Sicher ist: Es kann wirklich nur die allerhöchste Pop-Qualität sein. Denn dieses Mal war eine „internationale Expertenjury aus 20 Musikprofis“ an der Auswahl eines deutschen Top-Pop-Acts beteiligt, ja, und dazu noch eine sogenannte Eurovisionsjury „mit 100 Menschen aus ganz Deutschland“, wie der NDR nicht unstolz am Montag erklärt hat.
Es müsste also mit dem Teufel oder Udo Lindenberg zugehen, wenn nicht nur allerhöchste Popqualität aus Deutschland in Rotterdam an den Start geht, sondern dabei auch was herausspringt.
Platz 18 oder Platz 14 zum Beispiel – im Vergleich zum vergangenen Jahr, da die beiden jungen Sängerinnen Carlotta Truman und Laurita als S!sters Vorletzte wurden, wäre das ein Riesenerfolg. Doch man will mehr, nämlich gleich an den Erfolg von 2018 anknüpfen. Platz vier war das damals, erreicht von einem gewissen Michael Schulte.
Michael wer?, muss man sogleich fragen, und was war das noch mal für ein Song? Was man auch im Fall des Siegers von Tel Aviv fragen könnte, Duncan who? Und wer war sonst noch alles in Israel so dabei?
Ach ja, und was macht eigentlich Lena gerade, außer überall mit Mark Forster gesehen zu werden?
Pop-Trash hat auch so seine Reize
Die Relevanz, die der ESC in der öffentlichen Wahrnehmung und bei angeblich im vergangenen Jahr 200 Millionen Zuschauern in der ganzen Welt hat, steht weiterhin in keinem Verhältnis zu seiner popmusikalischen Relevanz. Es gibt den ESC-Pop und es gibt Pop. Dass dieser Wettbewerb ein so gewichtiger ist, liegt zum einen an seinem Spektakel- und Wettbewerbscharakter, daran, dass hier Nationen gegeneinander antreten, was in einem vereinten Europa auch was leicht Anachronistisches hat; zum anderen daran, dass Pop-Trash auch so seine Reize hat.

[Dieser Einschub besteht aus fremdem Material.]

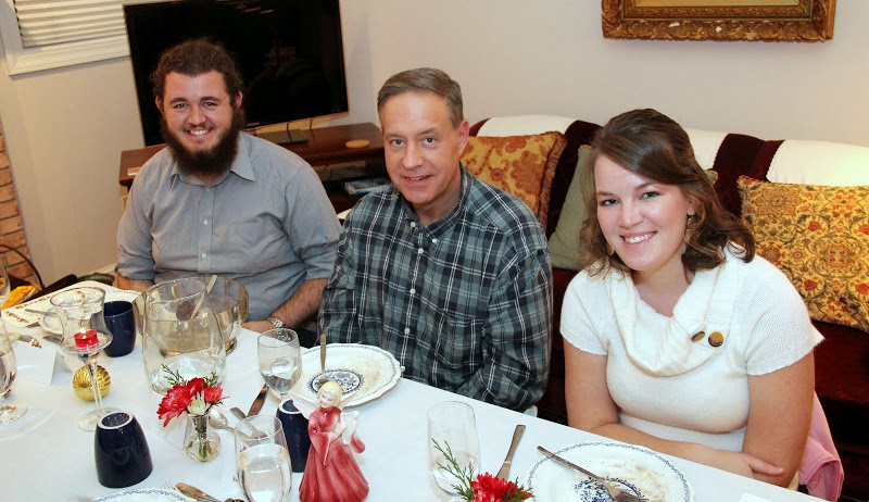 Allen Bradley (left to right), Robert Briley, and Brenda Briley smile for the camera at the history department's annual French Christmas dinner on December 6, 2014.

Der Siegerbeitrag habe „die nationalen und internationalen Expertinnen und Experten begeistert“, frohlockte der ARD- Unterhaltunsgkoordinator Thomas Schreiber. Umso öfter jedoch bei der ARD vom Pop-Expertentum die Rede ist, desto verdächtiger ist das Ganze. Guter Pop, ein guter Popsong braucht keine Expertise. Der ist in der Regel auf einmal in der Welt, und danach kann er analysiert werden. Aber so funktioniert der ESC leider nicht.